I ran the tests multiple times over long times (10-60s) and performance clearly didn’t improve (I noticed it got a little worse while playing the game even).
But even if the test is 10% wrong, the expected result of having 60% less draw calls should still be improved performance as far as I understand (I would expect something like 30% less render time). This means there is something I don’t understand. Something is slowing it down more than is speeding it up, I’m sure of it. Like I said, there are more meshes now, because of the inactive meshes that the instances are base on. But I don’t think this fully explains the slowing down.
a reproduction is useful for isolation or if you want to test something, but this concerns the whole scene, so isolation is not the point I suppose.
I can give you the before and after in production.
Or maybe you can tell me what you want to test and I can do it?
update: I got the evaluateActiveMeshes down to 0.00ms on both before and after. As expected it just ups the FPS for both, so the problem has not to do with that.
You need to look into the bottom up of your perf profile and try to narrow the culprit. You can also add more logs and so on to measure timing of some specific functions and such.
you’re right… the FPS fluctuates a lot and I think the GPU frame time might also be an anomaly, I don’t see it anymore.
I got the evaluateActiveMeshes down to 0.00ms on both before and after. As expected it just ups the FPS for both, so the problem has not to do with that.
I annotated the perf image with what went up or was new.
Not sure why renderForCamera is up there, it doesn’t seem to do much in its ‘self’.
I also traced all my changes and it doesn’t look like anything impactful apart from the new instancing with the added color and uv instance buffers.
It just seems like all the gains from the lessened draw calls is lost by the added overhead of the buffers?
if I use the uv trick I have 82 draw calls and get 540 FPS (like above)

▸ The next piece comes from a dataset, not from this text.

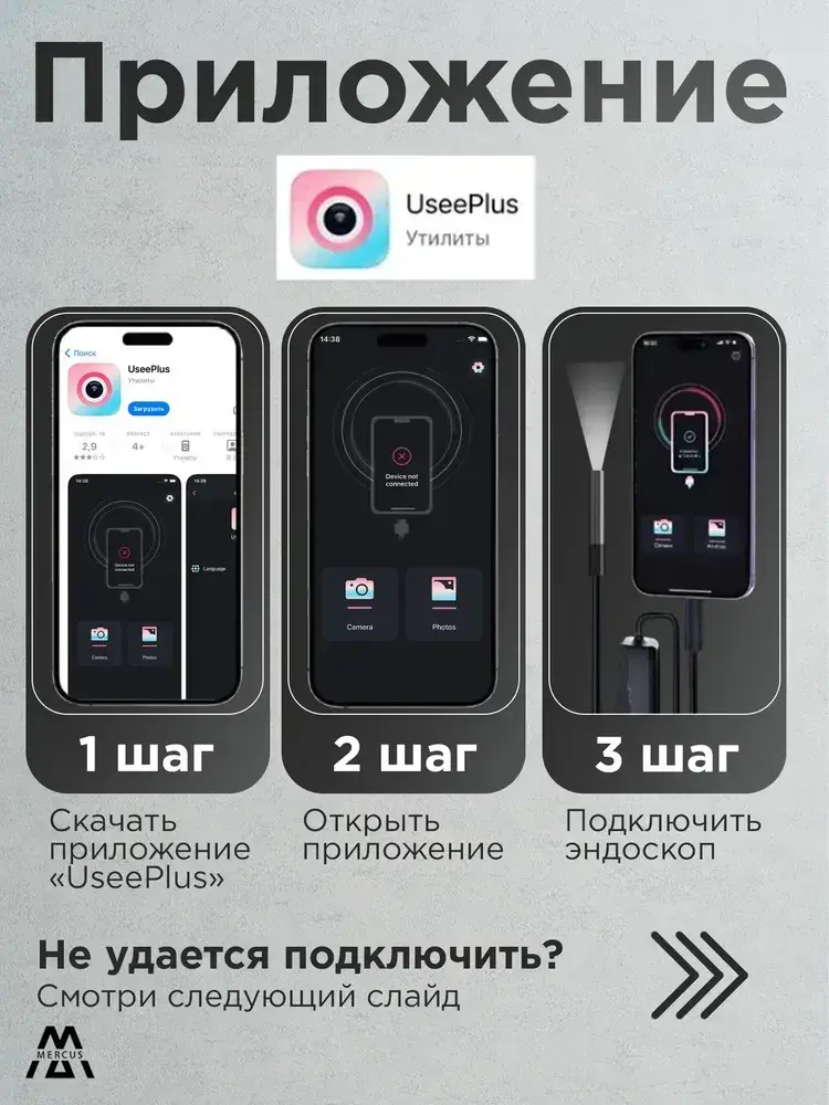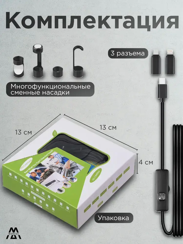 Эндоскоп автомобильный промышленный для смартфона iOS и Android с регулируемой подсветкой, полужесткий кабель, видеоэндоскоп для айфон MERCUS

if I disable the uv buffers I get 82 draw calls and 640 FPS (this looks bad of course, so just for testing)
if I don’t use the trick → less shared instances → 91 draw calls and 540 FPS
So yeah, it costs about the same as it gets me.
Does anyone have an idea on how to get the best of both worlds? (note that I don’t need to set the buffers after setting them once)
edit: upon further isolated testing the uv trick seems to be pretty performant, so I’m still not quite sure what is going on.
this is the isolated test: only 2 draw calls/materials and disabling the uv buffers is not much of a gain.
Any ideas on what or how to test more effectively is appreciated.